- Directed by: Sergei Loznitsa
- Written by: Sergei Loznitsa
- Produced by: Maria Baker-Choustova Sergei Loznitsa
- Release date: September 2, 2015 (Venice Film Festival);
- Countries: Belgium Netherlands
- Language: Russian

= The Event (2015 film) =

The Event (Событие) is a 2015 Russian-language Belgian-Dutch documentary film about the 1991 Soviet coup d'état attempt produced, written and directed by Sergei Loznitsa. It was screened out of competition at the 72nd edition of the Venice Film Festival. It won the prize "Leipziger Ring" at the International Leipzig Festival for Documentary and Animated Film.

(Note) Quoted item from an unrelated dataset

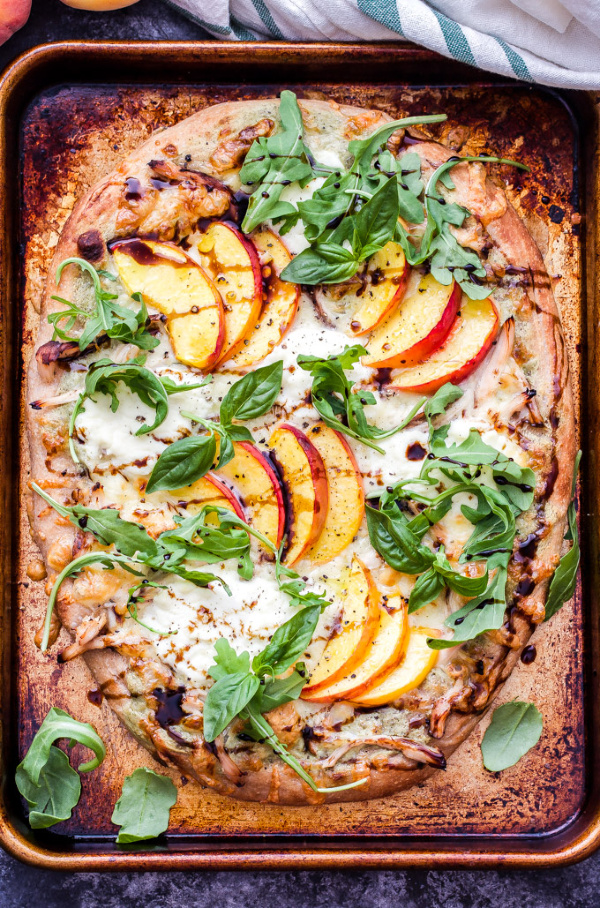 Peaches are in season and while I typically like to eat them by themselves I may try this Chicken Peach Ricotta Pizza with Balsamic Glaze.

Vladimir Putin as aide to St. Petersburg mayor Anatoly Sobchak is shown for a moment.

== Storyline ==
The film tells the story of three days in Leningrad in August 1991, when thousands of people came to Palace Square in support of the democratic forces. On the first day, August 19, there were few people, but the next day there was a huge crowd of about half a million people. The protesters build barricades on the approaches to the Leningrad City Council, leaflets with the logo of the newspaper Chas Pick are distributed, Anatoly Sobchak encourages people on the square from his window, and poets recite revolutionary poems. Sobchak again addresses the people, with his aide Vladimir Putin by his side. On the third day, the State Committee for the State of Emergency is defeated in Moscow, and Anatoly Sobchak in Leningrad declares victory and says that Soviet flags will be replaced by Russian tricolors. At the end of his speech, he said: "Thank you very much for your support, and now go back to your jobs." The young man removes the red flag, while others seal the Smolny Building, where the CPSU was located.